An easy way to get data from PoeTree dataset
Project description
poetree
Poetree library provides an easy way to get data from PoeTree API.
PoeTree is a standardized collection of poetry corpora comprising over 330,000 poems in ten languages (Czech, English, French, German, Hungarian, Italian, Portuguese, Russian, Slovenian and Spanish). Each corpus has been deduplicated, enriched with Universal Dependencies, provided with additional metadata and converted into a unified JSON structure.
Install
pip install poetree
or
pip3 install poetree
Usage
import poetree
There are five classes available:
Poetree
represents the entire PoeTree collection [documentation]Corpus
represents single corpus [documentation]Author
represents single author [documentation]Source
represents single book [documentation]Poem
represents single poem [documentation]
Each class has properties corresponding to the keys returned by API. To get for instance the number of authors and the number of poems in PoeTree.cs:
corpus = poetree.Corpus('cs')
print('number of authors:', corpus.n_authors)

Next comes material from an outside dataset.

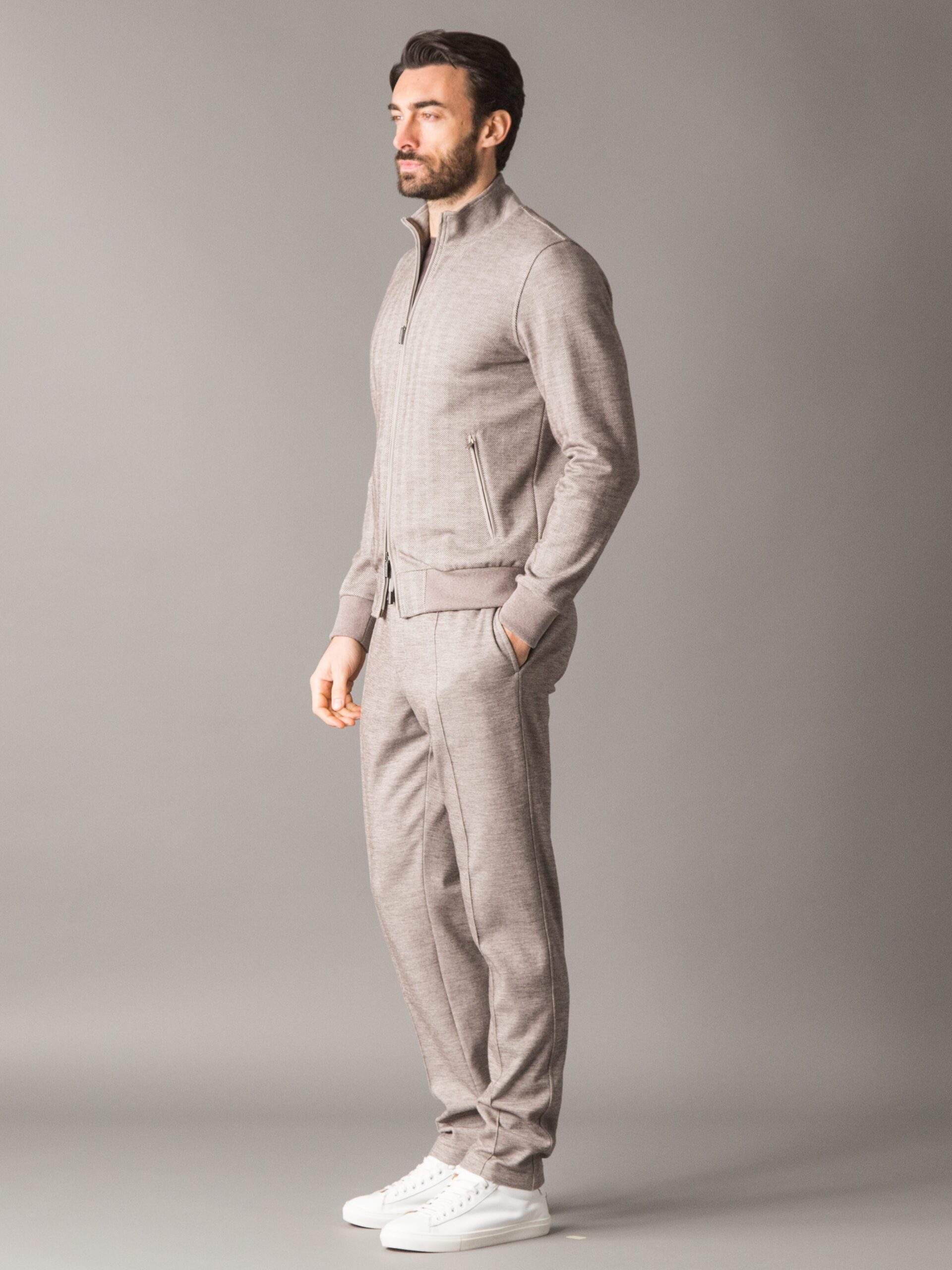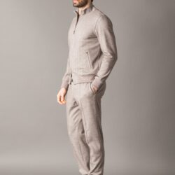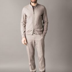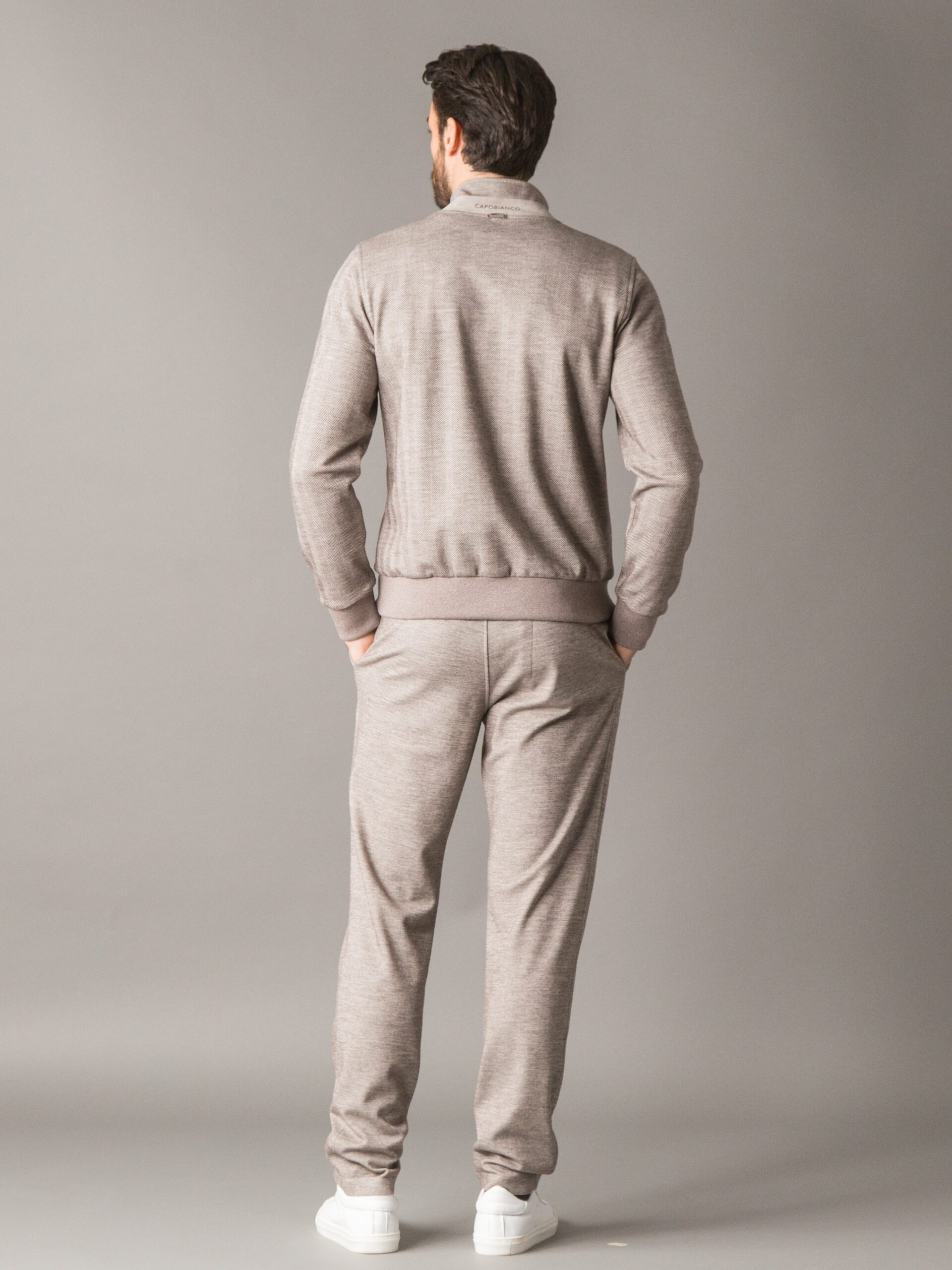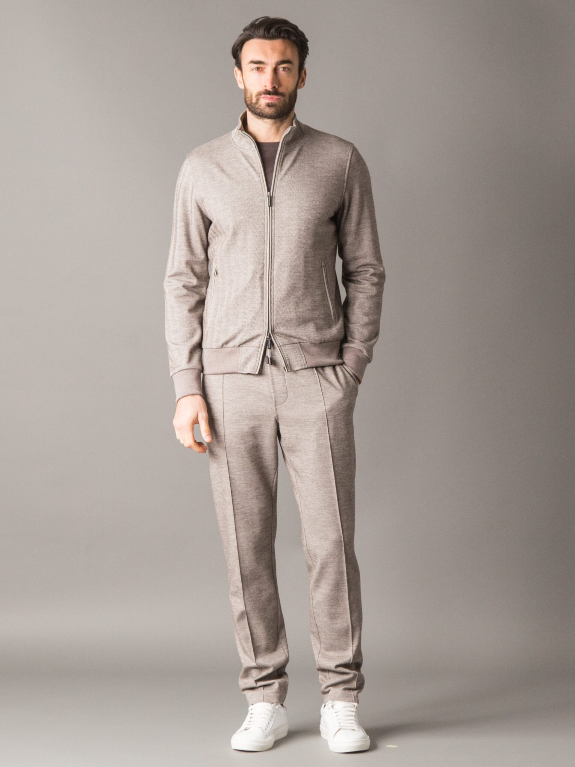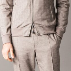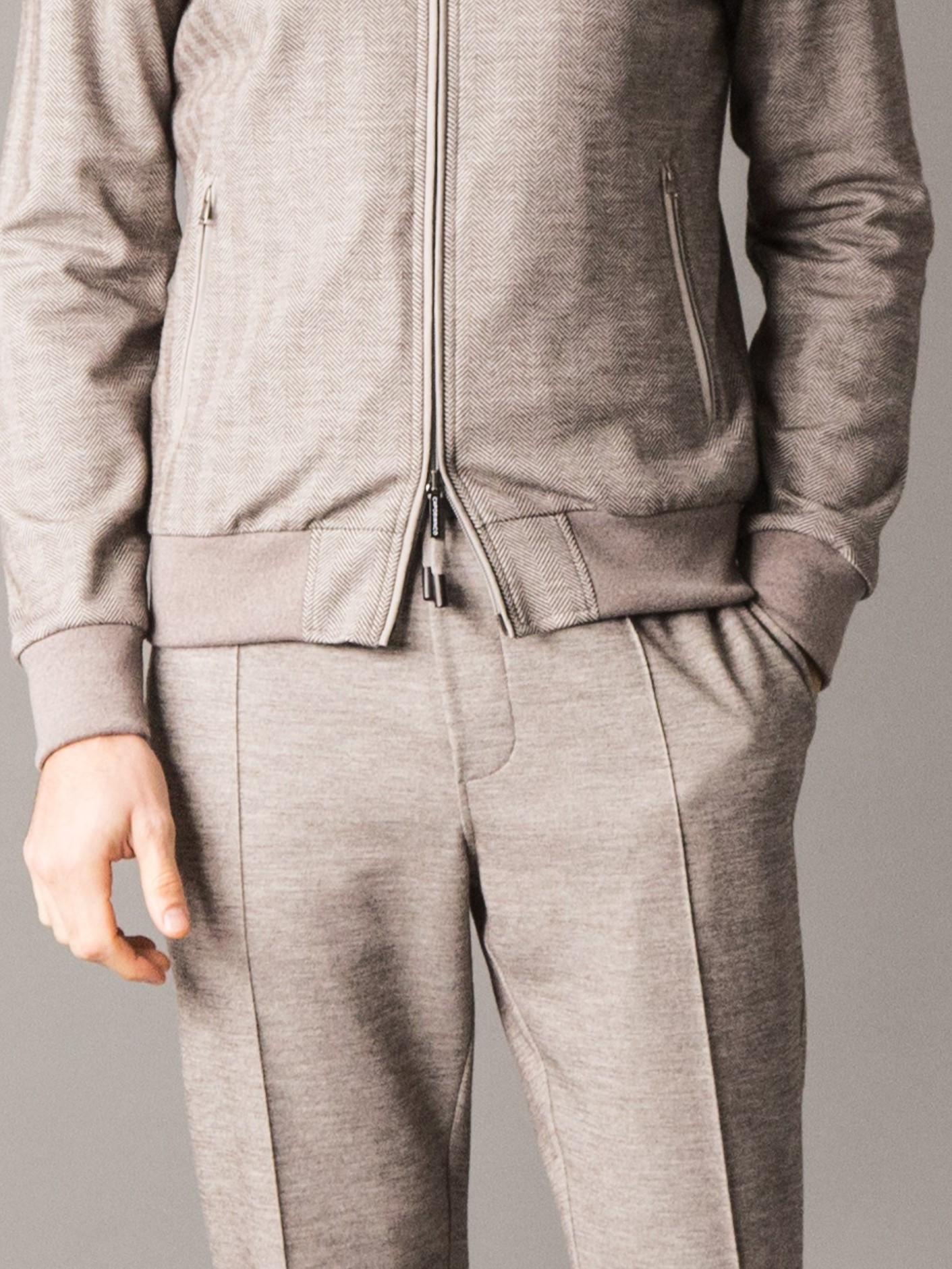 Set casual‑elegante composto da maglia full‑zip e sweat‑pants coordinati, realizzati in un pregiato tessuto Woolcot, una speciale miscela di lana e cotone che unisce la morbidezza e il calore della lana alla traspirabilità e al comfort del cotone. La maglia full‑zip presenta una mano calda e soffice grazie al tessuto Woolcot lavorato a motivo Chevron. I polsini e il fondo sono rifiniti in winter cotton a costina, mentre il colletto è arricchito da una patch logata in microfibra Nabuk. La zip frontale è completata da piping in Nabuk e da due cursori logati. Il capo è dotato di due tasche laterali con profilo e una tasca interna sul petto. La fodera in winter cotton assicura un’eccellente capacità di assorbimento dell’umidità e un comfort ideale nelle giornate fredde. I sweat‑pants coordinati, realizzati in un raffinato Woolcot oxford mélange, offrono una linea contemporanea e confortevole. Presentano due tasche laterali, una tasca posteriore con bottone logato e una cucitura centrale che slancia la gamba. La vita elasticizzata con coulisse regolabile è completata da stopper in metallo logati, garantendo una vestibilità pratica e curata. Un set versatile e sofisticato, perfetto per il tempo libero, i viaggi o un’eleganza rilassata di tutti i giorni.

print('number of poems:', corpus.n_poems)
number of authors: 606
number of poems: 80229
get_corpora(), get_authors(), get_sources(), get_poems()
Class instance may be created directly (as in the example above) or one may use a more general class to create a number of children instances by means of get_[something]()
methods. To get for instance all the authors in PoeTree.en born between 1750 and 1760:
corpus = poetree.Corpus('en')
for author in corpus.get_authors(born_after=1750, born_before=1760):
print(f'{author.name} ({author.born})')
Barlow, Joel (1754)
Blake, William (1757)
Crabbe, George (1754)
Freneau, Philip Morin (1752)
Roberts, David (1757)
Wheatley, Phillis (1753)
Analogous methods in other classes are as follow:
Objects created by get_[something]()
are also stored in their parent object's property data_[something]
for later use:
corpus = poetree.Corpus('en')
corpus.get_authors(born_after=1750, born_before=1760)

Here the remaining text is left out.